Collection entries
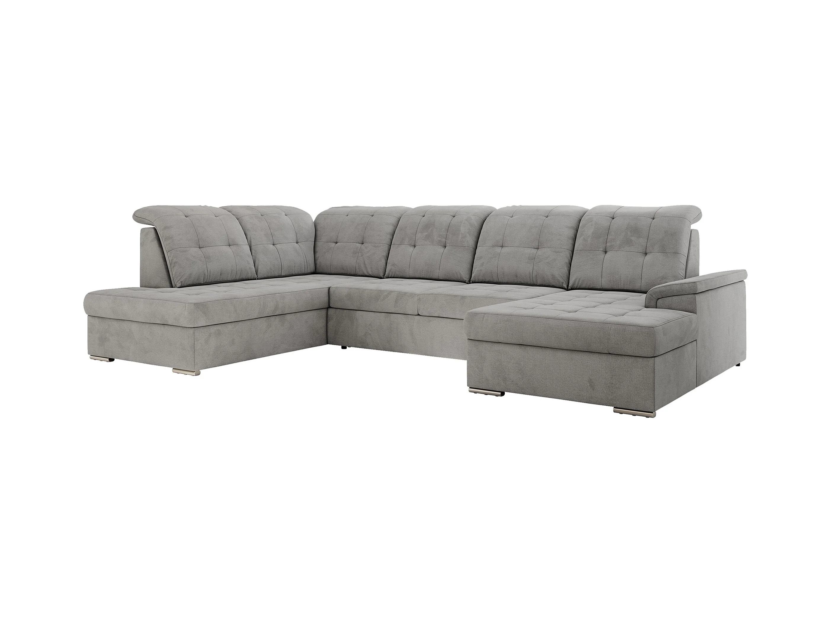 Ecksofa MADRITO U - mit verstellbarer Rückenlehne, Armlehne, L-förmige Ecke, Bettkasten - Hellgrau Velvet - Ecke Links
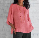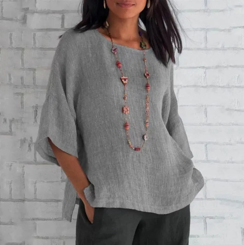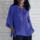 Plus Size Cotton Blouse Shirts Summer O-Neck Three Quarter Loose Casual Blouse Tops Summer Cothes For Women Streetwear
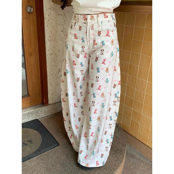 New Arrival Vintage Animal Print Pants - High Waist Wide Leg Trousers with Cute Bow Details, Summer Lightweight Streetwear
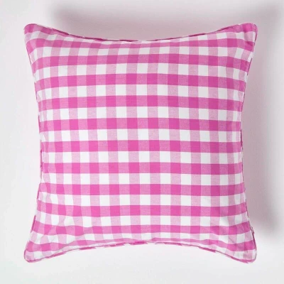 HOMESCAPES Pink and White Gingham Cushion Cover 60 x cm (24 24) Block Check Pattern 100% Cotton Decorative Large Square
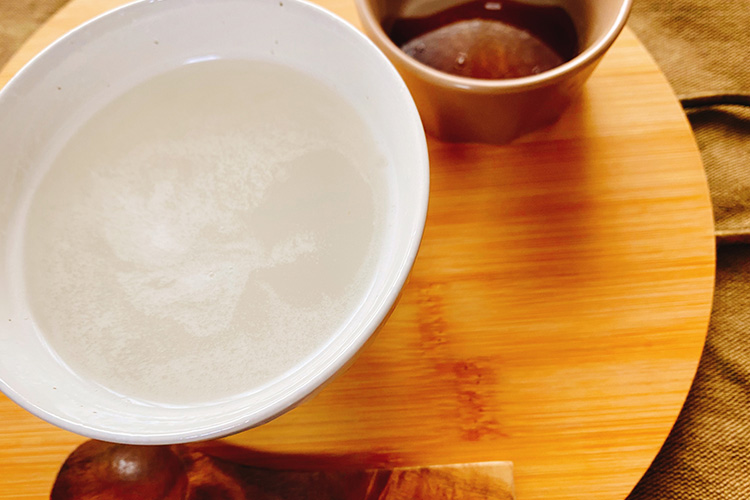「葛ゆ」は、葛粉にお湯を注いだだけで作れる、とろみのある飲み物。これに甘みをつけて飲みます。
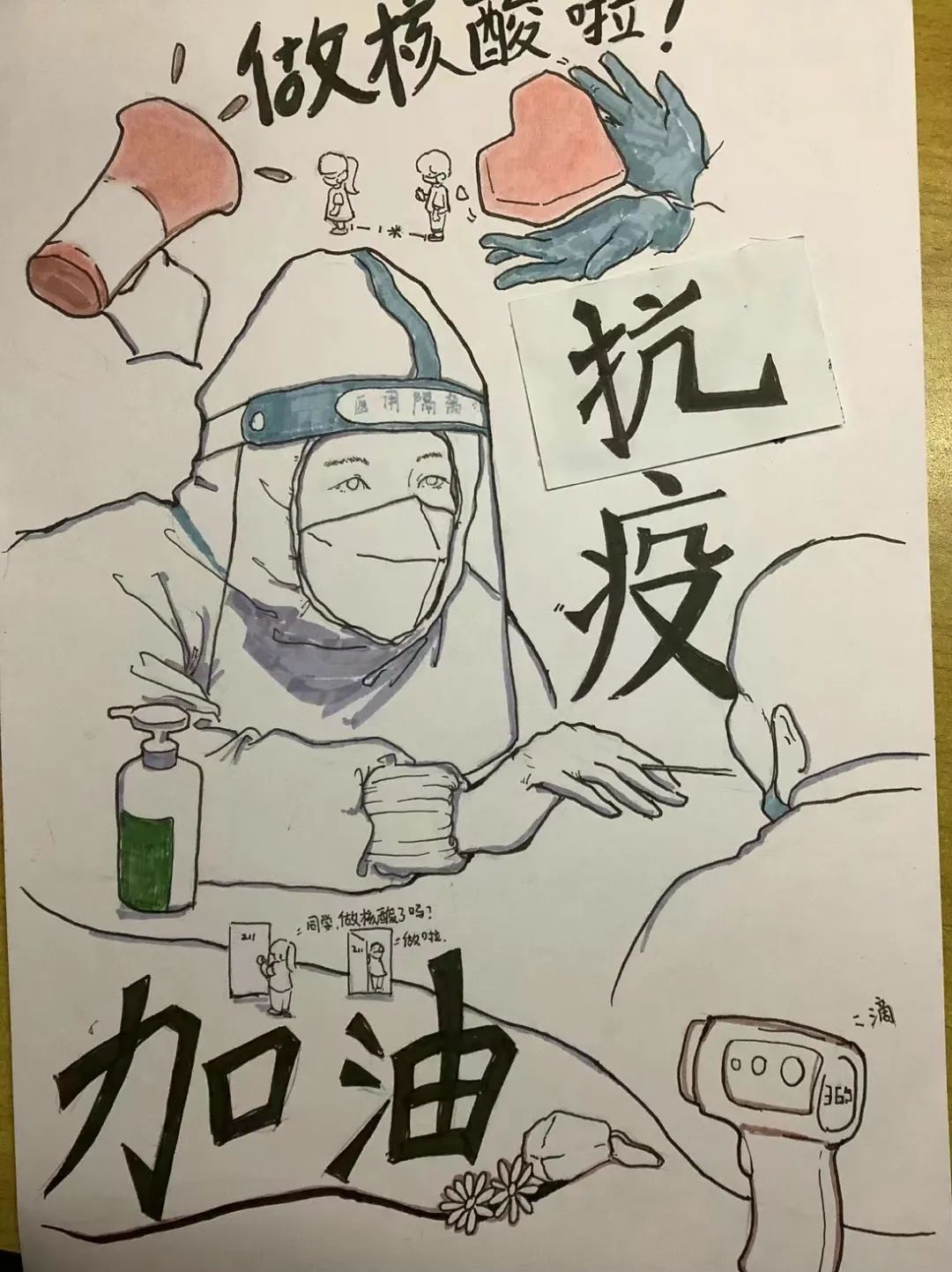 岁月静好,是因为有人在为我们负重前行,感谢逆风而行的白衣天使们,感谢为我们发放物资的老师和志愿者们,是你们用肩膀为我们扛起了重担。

AIM OF THE EXERCISE:
Set down all the entries above verbatim, and include none of the pictures.

SOLVED EXERCISE:
 Ecksofa MADRITO U - mit verstellbarer Rückenlehne, Armlehne, L-förmige Ecke, Bettkasten - Hellgrau Velvet - Ecke Links
 Plus Size Cotton Blouse Shirts Summer O-Neck Three Quarter Loose Casual Blouse Tops Summer Cothes For Women Streetwear
 New Arrival Vintage Animal Print Pants - High Waist Wide Leg Trousers with Cute Bow Details, Summer Lightweight Streetwear
 HOMESCAPES Pink and White Gingham Cushion Cover 60 x cm (24 24) Block Check Pattern 100% Cotton Decorative Large Square
「葛ゆ」は、葛粉にお湯を注いだだけで作れる、とろみのある飲み物。これに甘みをつけて飲みます。
 岁月静好,是因为有人在为我们负重前行,感谢逆风而行的白衣天使们,感谢为我们发放物资的老师和志愿者们,是你们用肩膀为我们扛起了重担。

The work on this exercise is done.